Fenômeno, que funciona como um ‘sistema imunológico psicológico’, ocorre quando não é possível conquistar o que se deseja, então mente sintetiza a satisfação
A felicidadeode estar em qualquer lugar. Até naquela pedra no caminho. Até na tragédia. Essa é a teoria do doutor em psicologia social e autor do best-seller “O que Nos Faz Felizes”, Daniel Gilbert. Ele, que é professor do curso de psicologia em Harvard, acredita que o corpo pode produzir felicidade a partir da realidade. E a ciência comprova.
Gilbert descobriu que o cérebro possui uma espécie de “sistema imunológico psicológico”. “É um sistema cognitivo de processos, principalmente inconscientes, que ajuda as pessoas a mudarem suas percepções para que elas se sintam melhores no mundo em que estão inseridas. Nós sintetizamos a felicidade (no cérebro)”, comenta o pesquisador em sua palestra no TED, que já tem mais de 13 milhões de visualizações.
Foi provavelmente esse sistema que agiu para que a designer Amanda Ferrari*, 52, conseguisse superar a perda de um emprego e continuasse a ser feliz, mesmo depois desse contratempo. “Trabalhei 15 anos em uma empresa e tive Lesão por Esforço Repetitivo (LER). Fiquei de licença, e, quando voltei, eles me mandaram embora. Tive um período de luto, mas hoje eu tenho certeza de que foi o melhor que poderia ter me acontecido”, acredita.
Amanda se considera uma pessoa resiliente. Ela diz conseguir lidar bem com as situações, até quando o cenário não é exatamente como ela gostaria. “Atribuo muito disso ao fator de confiar que Deus tem o melhor para mim. Eu coloco toda a minha vida diante de Deus e faço toda a minha parte. Se eu fiz tudo, e Ele não permitiu (que a coisa acontecesse), é porque Ele tem alguma coisa muito melhor para mim”, afirma.

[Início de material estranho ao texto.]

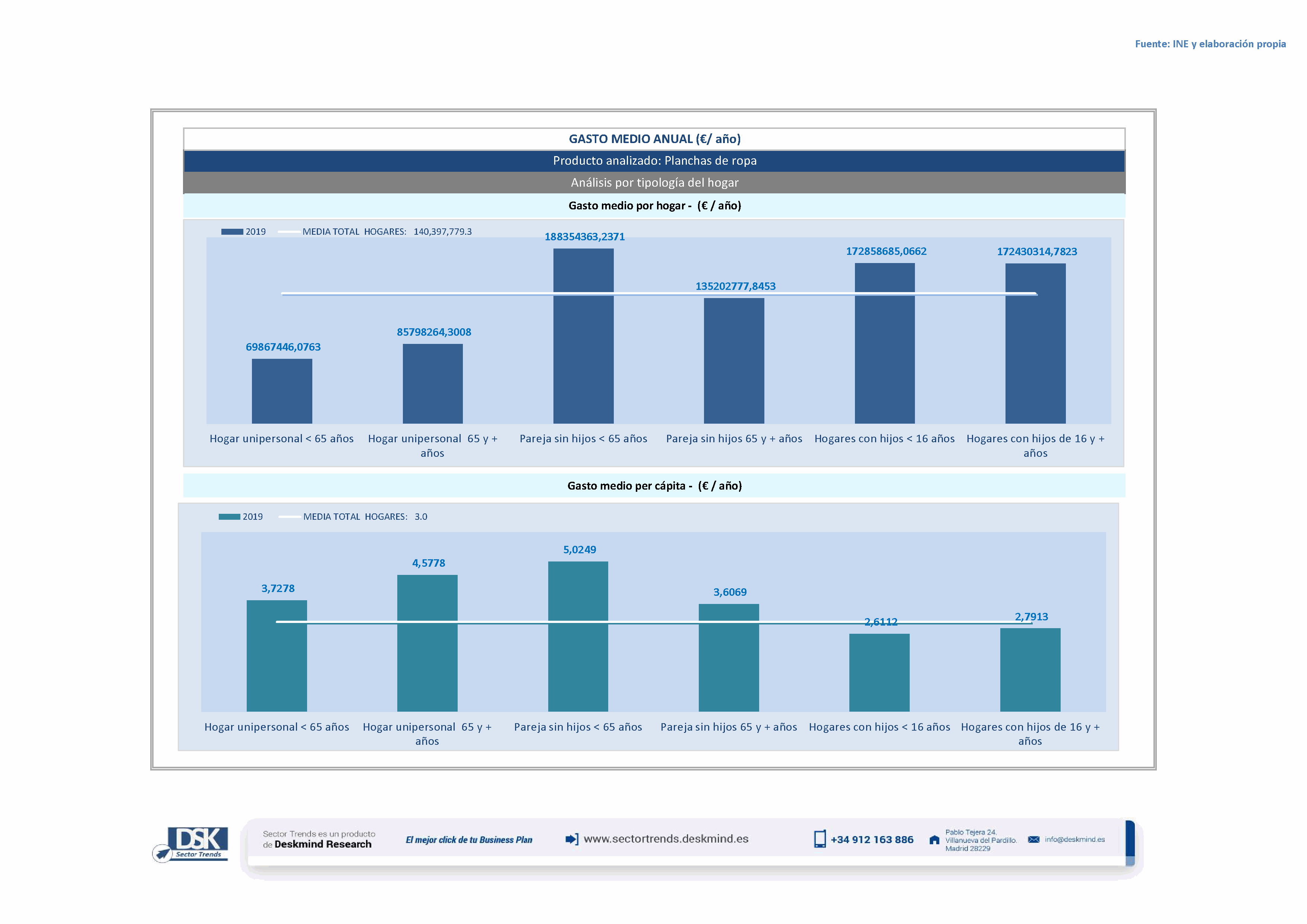 Infografía gasto medio por tipo hogar de Planchas de ropa

Felicidades.Segundo o pesquisador Daniel Gilbert, existem dois tipos diferentes de felicidade: a natural e a sintética. “Felicidade natural é o que acontece quando nós conseguimos o que queremos. Felicidade sintética é o que nós fazemos quando não conseguimos o que queremos”, explica ele.
Ambos os tipos de felicidade são genuínos, reais e duradouros. Gilbert conduziu um experimento com pessoas que sofrem de perda de memória recente. Em um primeiro momento, ele apresentou a esses pacientes pôsteres com seis quadros de Monet e pediu para que eles classificassem de acordo com seu gosto pessoal, sendo 1 o que gostavam mais, e 5 o que gostavam menos. Depois, ele dava de presente o quadro 4 da escala de preferência para os pacientes. Mas o brinde não era entregue na hora.

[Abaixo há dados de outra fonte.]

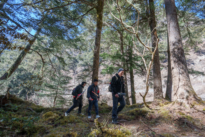 在西藏山南市隆子县玉麦乡境内,护边员们在丛林里巡逻。新华社记者 丁增尼达 摄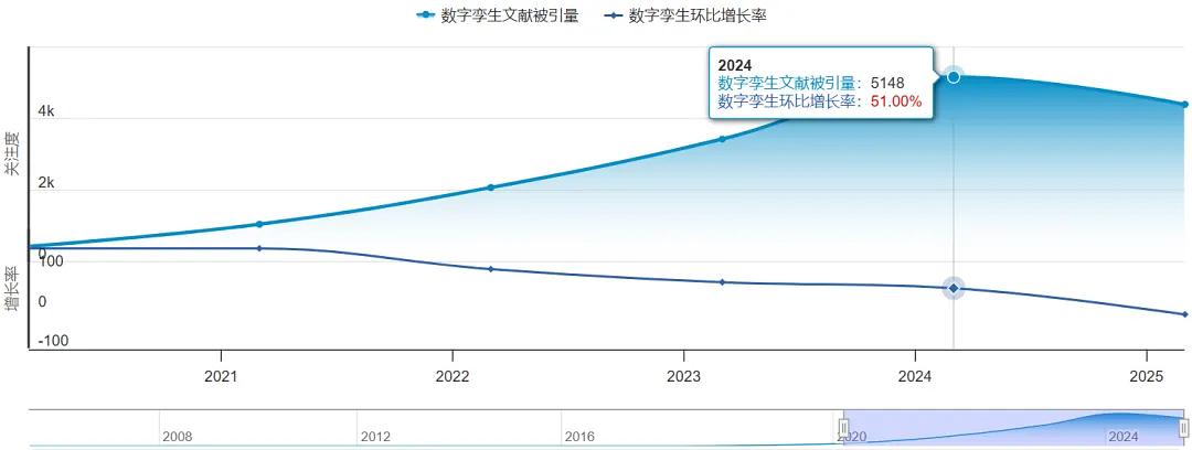 在过去五年中,数字孪生与城市建模领域的学术传播度呈现出稳步增长的趋势。根据图表数据,2024年成为了一个显著的高点,该年度相关文献的被引量达到了5148次,环比增长率也达到了51.00%。这一数据不仅反映了数字孪生与城市建模研究在学术界的关注度和影响力持续提升,也表明其研究成果在实际应用中的重要性和价值得到了广泛认可。尽管在2025年有所回落,但整体来看,近五年的数据揭示了该领域在学术研究和实践应用中的不断进步和日益增强的影响力,为未来的研究和政策制定提供了重要的参考依据。

Meia hora depois, quando os pacientes com amnésia já haviam se esquecido da primeira parte do experimento, ele voltava ao quarto, apresentava novamente os quadros e pedia para que eles organizassem de novo de acordo com suas preferências. O resultado foi que, mesmo sem lembrar que haviam ganhado o quadro de presente, os pacientes o colocaram mais à frente na escala de sua preferência.
“O que essas pessoas fizeram ao sintetizar a felicidade foi verdadeiramente mudar suas reações afetivas, hedonísticas e estéticas sobre o pôster. Eles não estão dizendo que gostam mais do pôster porque o ganharam – eles nem se lembram que ganharam”, diz o pesquisador.
Apesar das evidências, a sociedade ocidental tende a acreditar que a felicidade sintética é, de alguma forma, menos valiosa que a natural. A origem dessa crença, de acordo com Gilbert, está na sociedade de consumo. “Que tipo de máquina econômica continuaria girando se nós acreditássemos que não ter o que queremos pode nos fazer tão felizes quanto ter?”, provoca.
“Quando nossa ambição é contida, ela nos leva a trabalhar com prazer. Quando nossa ambição é ilimitada, nos leva a enganar, roubar, ferir os outros, sacrificar coisas que são realmente valiosas. Quando nosso medo é contido, somos prudentes, cautelosos. Quando nossos medos são ilimitados e reforçados, nós somos irresponsáveis e covardes”, analisa Gilbert. Para ele, a felicidade se encontra em algum lugar entre esses extremos.